Он утвердительно кивнул:
– Они лежат на счету в Люксембурге. Тогда, во время разговора, я сделал ошибку, да? Упомянул Люксембург. Не успел сказать, как сразу понял, что совершил глупость. Уж слишком конкретно. И правдоподобно. Я не знал, заметил ли Гамаш.
– Заметил. Но это лишь подтверждало то, что он и без того подозревал.
– Ледюк пребывал в панике, когда позвонил мне, чтобы сообщить, что Гамаш здесь и проверяет договорные контракты. Я тоже запаниковал. Я знал, что Ледюку не хватит ума перехитрить Гамаша. И поэтому я вернулся.
– Чтобы убить Ледюка.
– Может быть. Не знаю.
Он опустил пистолет, но все еще крепко сжимал его.
– Однако мне не пришлось его убивать. Гамаш меня опередил.
– Нет, это сделал не месье Гамаш, – сказала Лакост.

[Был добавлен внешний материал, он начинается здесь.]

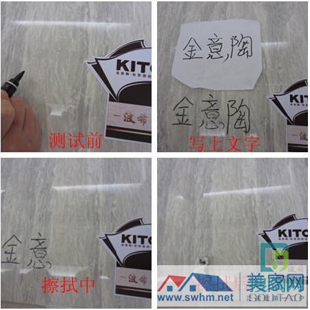 點評:測試員用黑色油性筆在“波西米亞”釉面寫上“金意陶”,對比紙上寫的“御家”顏色淺了很多。靜置5分鐘之后,用紙巾輕輕擦拭,擦掉一下,再用力擦,就全部擦掉了,“波西米亞的防污性能確實很不錯。

– Тогда кто? – спросил Желина.
Лакост опять протянула руку, такую же твердую, как и ее взгляд:
– Вы же знаете, что за дверями два вооруженных агента Квебекской полиции. Все кончено. Вы виновны в воровстве, но не в убийстве. Дайте мне, пожалуйста, ваше оружие.
И он отдал ей пистолет.
Глава сорок вторая
Кадеты молча бежали по фабрике. Перепрыгивали через две ступеньки. Заглядывали в пустые комнаты и неслись дальше.
К этому времени, после множества неудачных попыток предотвратить захват мнимого заложника и пленить террористов, Хуэйфэнь уже назубок выучила план фабрики.
Она никогда не была старшей на учениях. Эта роль всегда доставалась Жаку. И всегда учения заканчивались катастрофой для полиции. Заложник погибал. Агенты тоже. Террористы убегали. Кадеты знали, что это невозможный сценарий. Но Ледюк всегда говорил им, говорил Жаку, что для него, Ледюка, здесь нет ничего сложного.
И после каждой неудачи Жака и доклада Герцогу появлялся револьвер. Это не наказание, объяснял Ледюк. Это последствие. Инструмент обучения. Ради их же блага.
Теперь маленькую группу вела Хуэйфэнь. Новичков смущали команды, подаваемые рукой, поэтому она свела их к самым простым. И понятным. Кадеты осторожно и быстро продвигались вперед.
Наконец она остановилась, и они перегруппировались.
– Не думаю, что он здесь, – сказала Хуэйфэнь, оглядывая помещение.
– Но если не здесь, то где? – спросила Амелия.
– Вам нельзя здесь находиться, – сказал Жан Ги, медленно входя в комнату.
Он направлялся к квартире коммандера Гамаша, рассчитывая найти его там, но заметил, что печать с двери, за которой убили Ледюка, сорвана.
Он тихонько толкнул дверь ногой. Пистолет оставался у него на поясе, в кобуре.
Посреди комнаты стоял кадет Жак Лорен. С пистолетом в руке.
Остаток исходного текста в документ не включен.